Try it » Using the data that follows, give again word for word the lines between the one holding "1907年ホノルルで刊行され" and the one holding "and handle protrusions", inclusive. Omit the pictures.

Information supplied »
● ● ● ● ● ● ●
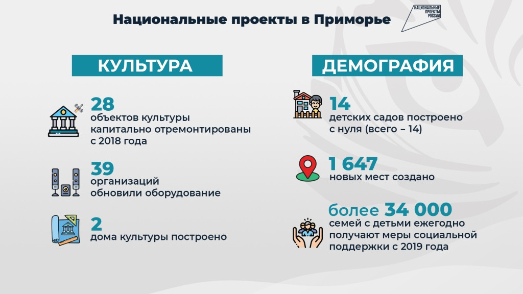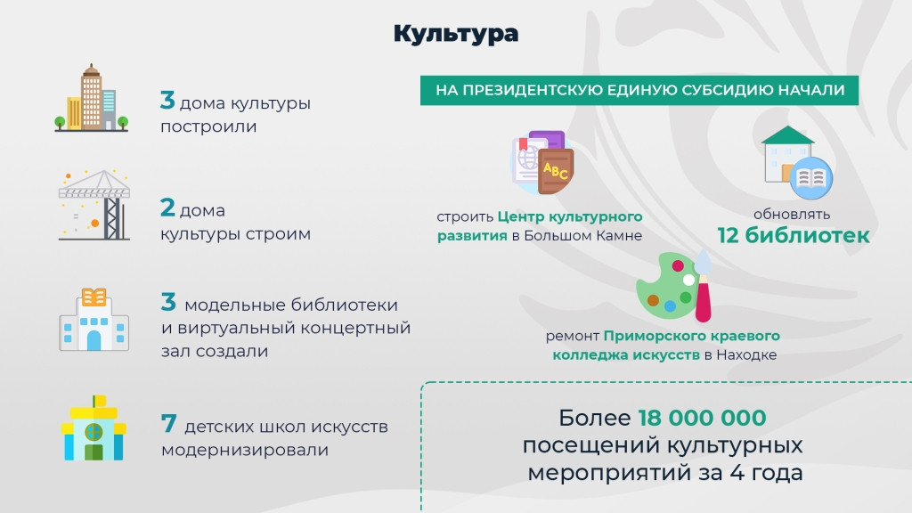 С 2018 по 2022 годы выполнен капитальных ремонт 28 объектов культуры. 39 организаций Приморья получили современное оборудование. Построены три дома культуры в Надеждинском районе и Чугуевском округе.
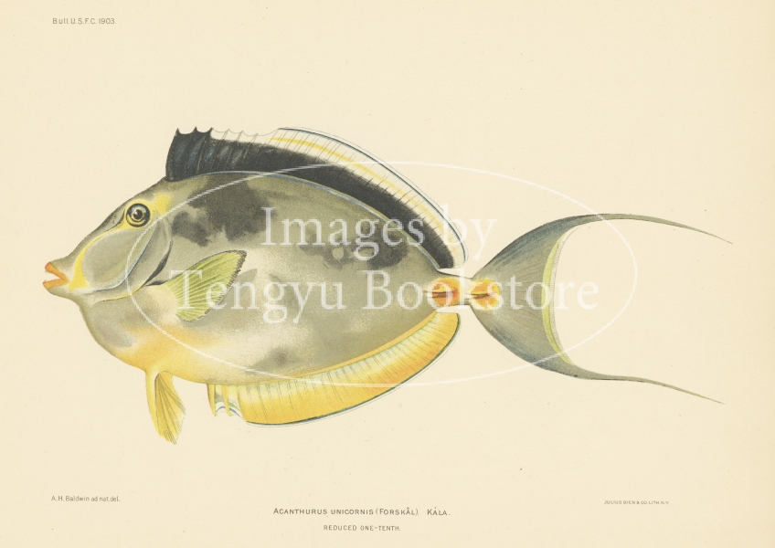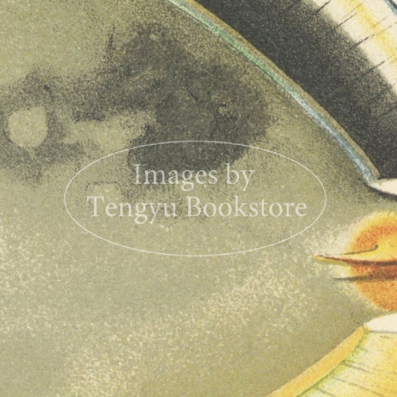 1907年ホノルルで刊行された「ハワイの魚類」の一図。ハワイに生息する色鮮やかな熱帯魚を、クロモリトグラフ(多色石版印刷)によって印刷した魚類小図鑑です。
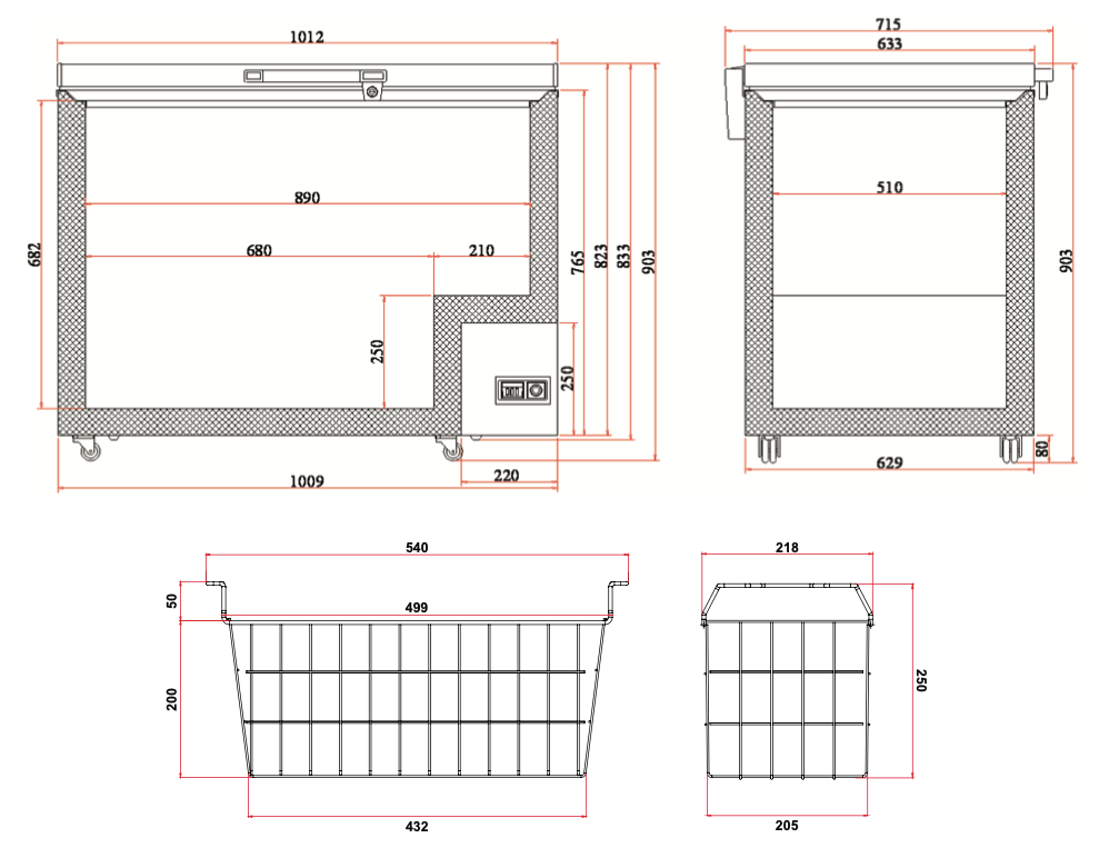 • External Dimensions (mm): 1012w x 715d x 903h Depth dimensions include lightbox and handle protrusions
● ● ● ● ● ● ●
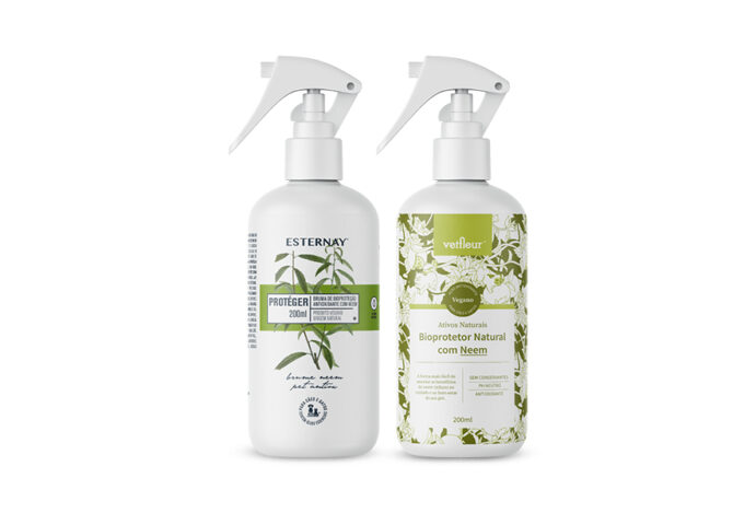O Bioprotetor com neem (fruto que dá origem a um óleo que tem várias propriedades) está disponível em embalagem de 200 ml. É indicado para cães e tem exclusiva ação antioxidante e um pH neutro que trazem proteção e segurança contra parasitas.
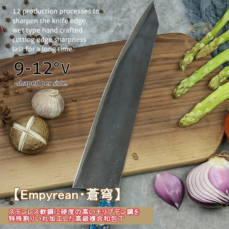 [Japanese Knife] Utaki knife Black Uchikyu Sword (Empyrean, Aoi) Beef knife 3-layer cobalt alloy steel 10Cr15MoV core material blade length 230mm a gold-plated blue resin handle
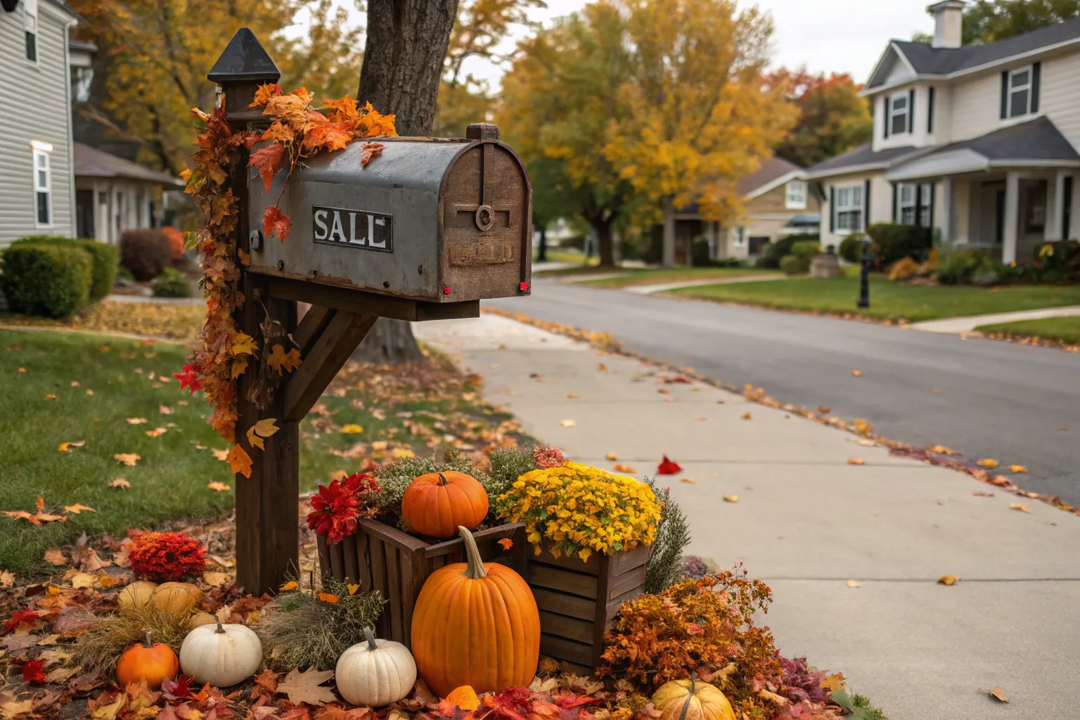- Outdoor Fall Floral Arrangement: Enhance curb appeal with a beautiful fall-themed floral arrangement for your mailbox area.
● ● ● ● ● ● ●
Task output »
 1907年ホノルルで刊行された「ハワイの魚類」の一図。ハワイに生息する色鮮やかな熱帯魚を、クロモリトグラフ(多色石版印刷)によって印刷した魚類小図鑑です。
 • External Dimensions (mm): 1012w x 715d x 903h Depth dimensions include lightbox and handle protrusions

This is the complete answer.